18/08/2008 - 10:20h Para Folha também o PAC em São Paulo é “trololó”

Fazendo eco a campanha dos tucanos qualificando as verbas do PAC de “trololó”, a Folha de São Paulo nos brinda hoje com um curioso levantamento. Para o jornal, 65% das verbas do PAC no Estado de São Paulo são do governo estadual e da prefeitura da capital.

Para forçar a demonstração, a Folha, deixa fora do calculo dos aportes federais para São Paulo, o dinheiro do BNDES e da Caixa Econômica Federal. O dinheiro da Caixa para financiar obras na área de habitação ou saneamento, fica fora do calculo. O dinheiro do BNDES, seja para transporte ou outros investimentos, também fica fora.

“A Folha considerou apenas o dinheiro que tem como origem os orçamentos da União, do Estado e da prefeitura, excluindo financiamentos da Caixa Econômica Federal e do BNDES (Banco Nacional de Desenvolvimento Econômico e Social) e investimentos privados.” (FSP: Estado e prefeitura dão 65% da verba para PAC paulistano)

Quando a mídia procura demonstrar que o governo federal privilegia, no rapasse de verbas, sua “base aliada” ou as prefeituras do PT, essa distinção entre os Bancos federais e o governo, some. Os bancos viram currais aparelhados pelo petismo e o dinheiro repassado por elas mostra um direcionamento partidário. Já quando se trata de travestir os tucanos em padastros do PAC em São Paulo, o dinheiro das instituições federais não conta.

Prosseguindo com a demonstração a Folha “interpreta” o investimento do governo federal no metrô, como dinheiro estadual. A verdade é outra, PAC ou não. O governo estadual deve pagar 13% do total das suas receitas para amortizar o endividamento do Estado de São Paulo. O governador Serra tentou driblar esta exigência em relação à receita obtida pela venda da folha de pagamento dos servidores (o que ele já tinha feito na prefeitura e que motiva até agora a suspensão do repasse federal para o Reluz por decisão da Receita Federal, que considera a Prefeitura inadimplente). Ele preferiu pagar à União o 13% que devia.

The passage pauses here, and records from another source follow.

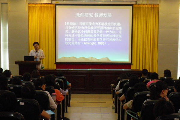 随后,欧阳护华为观众们详细介绍了“行动研究”这一历史悠久但近二十年来越来越影响广泛的研究方法。他表示,“行动研究”是指针对日常教学实践中一些细节的行动,以及针对这种行动的效果而展开的研究;这其中也包括解决实际问题的同时所进行的研究。而“行动研究”的目的既在于改善教学处境,又在于扩展教师的知识、提高教师的研究分析能力。在此基础上,欧阳护华介绍了“行动研究”的具体过程:即在实践中发现问题,并对问题产生的原因提出假设;而后,教师要以此为基准,构造解决问题的可能方案,并在教学实践中对这些方案进行检验和补充;最后,教师须对行动的效果进行评估,以使自己的教学行动不断得到改善。欧阳护华还强调,“行动研究”的过程应该是一个不断进行的循环过程。
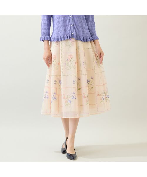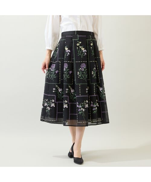 コーディネートが華やぐオリジナル刺繍のフレアスカート。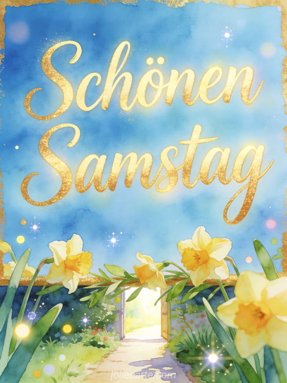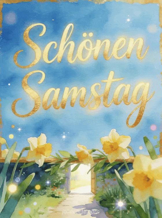 Sende ein Bild für einen schönen Samstag mit himmelblauer Schrift, Narzissen und einem sonnigen Gartenweg. Du kannst auch schönen samstag gif bilder, eine Karte für schönen tag und schönen samstag oder einen schönen samstag teilen.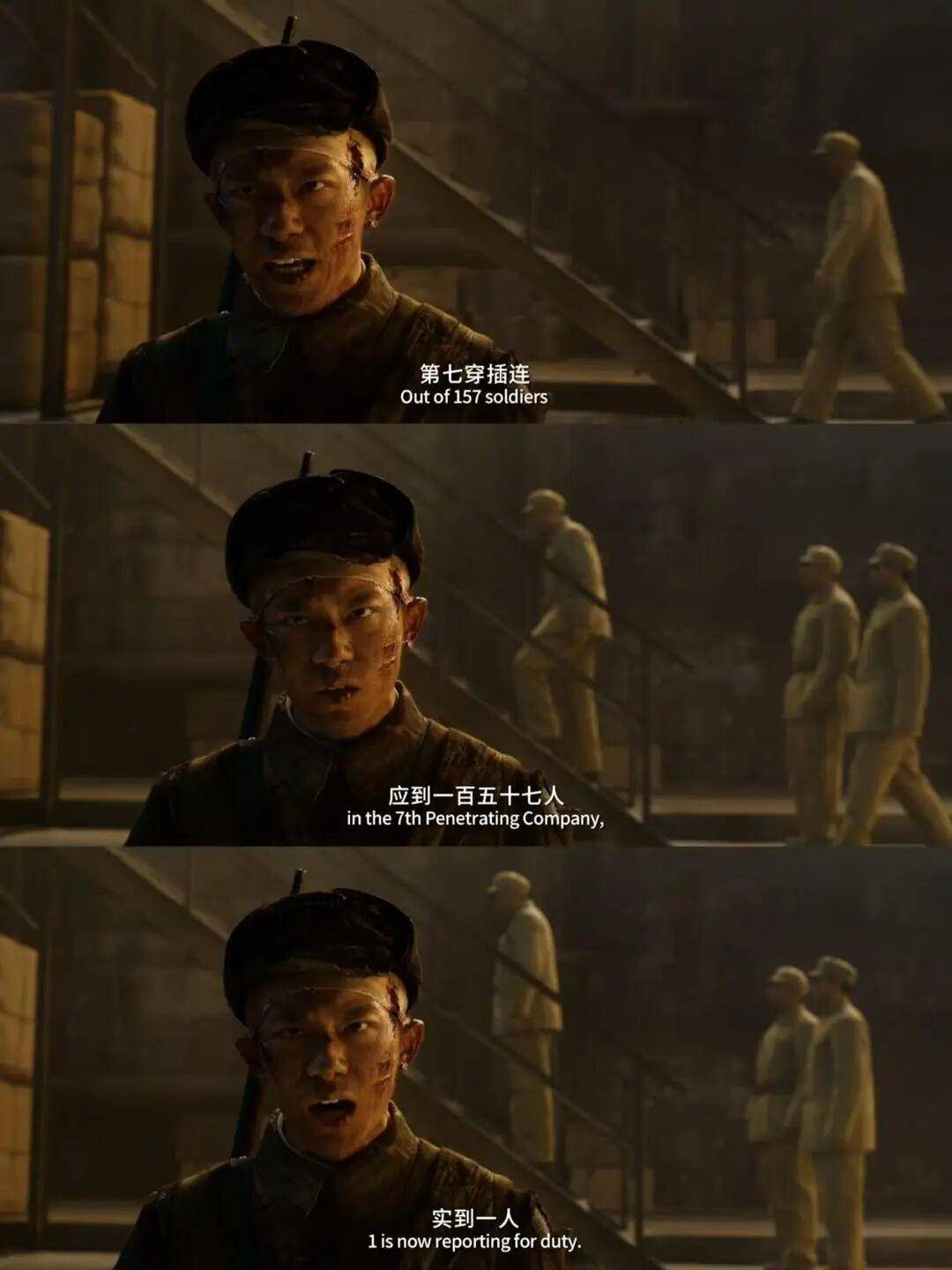 归来的这三名士兵代表,便是《长津湖》系列(兰晓龙原著名《冬与狮》)里的伍万里(易烊千玺 饰)。全连苦战而亡,只有他幸存下来。他的愿望正是“恢复七连建制”。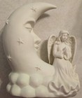 White Porcelain Winged Angel With Man In The Moon Night Light/lamp 8"x6"x2" Vgc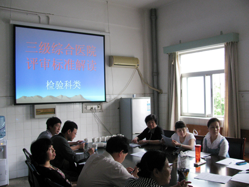 为进一步加强及配合医院三级综合医院评审工作,6月6日下午,检验科举行针对三级综合医院评审标准(2012年版)解读的会议。检验科主任伍勇教授组织本科质量控制小组成员一起学习并探讨该评审标准实施细则。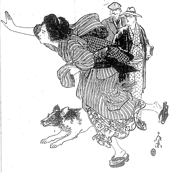 | キーワード | 竪縞のきもの;袂の扱い;走る;犬 |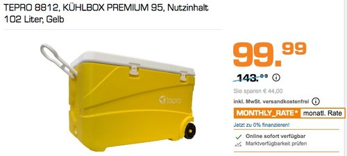Saturn bietet bis Mi. 02.05., 9 Uhr im Laufe der - Late Night Shopping XXL - Aktion ausgewählte Artikel billiger an, versandkostenfrei und solange der Vorrat reicht.Die TEPRO 8812 KÜHLBOX PREMIUM 95, Nutzinhalt 102 Liter, Gelb bekommt man im Laufe dieser Aktion für 99,99€. Extra dicke PU-Vollschaumisolierung Kühlleistung bis zu 32 Stunden ohne Kühlelemente (ca. 10°C Temperaturanstieg bei ca. 32°C Umgebungstemperatur) Kühlelement im Lieferumfang enthalten 2-Liter-Flaschen können stehend transportiert werden fahrbar durch stabile Räder Höhe: 520 mm Tiefe: 465 mm Breite: 832 mm Eine Kühlbox ist unverzichtbar bei allen Outdoor-Aktivitäten wie: Grillen, Picknicken oder Zelten.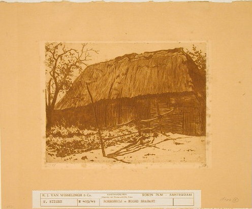 - BeschrijvingEen boerenschuur, in de lengte gezien, met een strooien dak en grotendeels strooien wanden. Twee dubbele deuren in het midden en twee enkele deuren midden en rechts. Links staat een boom, midden op de voorgrond een hek.

Por isso a distinção feita agora pela Folha, esteve ausente quando Lula, Serra e Kassab anunciaram essas obras no metrô como parte do PAC:

“A Companhia do Metropolitano de São Paulo (Metrô) recebeu ontem financiamento de R$ 1,58 bilhão do Banco Nacional de Desenvolvimento Econômico e Social (BNDES) para obras de expansão da Linha 2-Verde, do Alto do Ipiranga, na zona sul, até a Vila Prudente, na zona leste. O anúncio foi feito em evento na Favela de Heliópolis com a presença do presidente Luiz Inácio Lula da Silva, do governador, José Serra (PSDB) e do prefeito Gilberto Kassab (DEM). Ao todo foram liberados R$ 4,32 bilhões para o Estado pelo Programa de Aceleração do Crescimento (PAC).”(OESP Governo federal libera verba para 4,3 km da Linha 2 do metrô).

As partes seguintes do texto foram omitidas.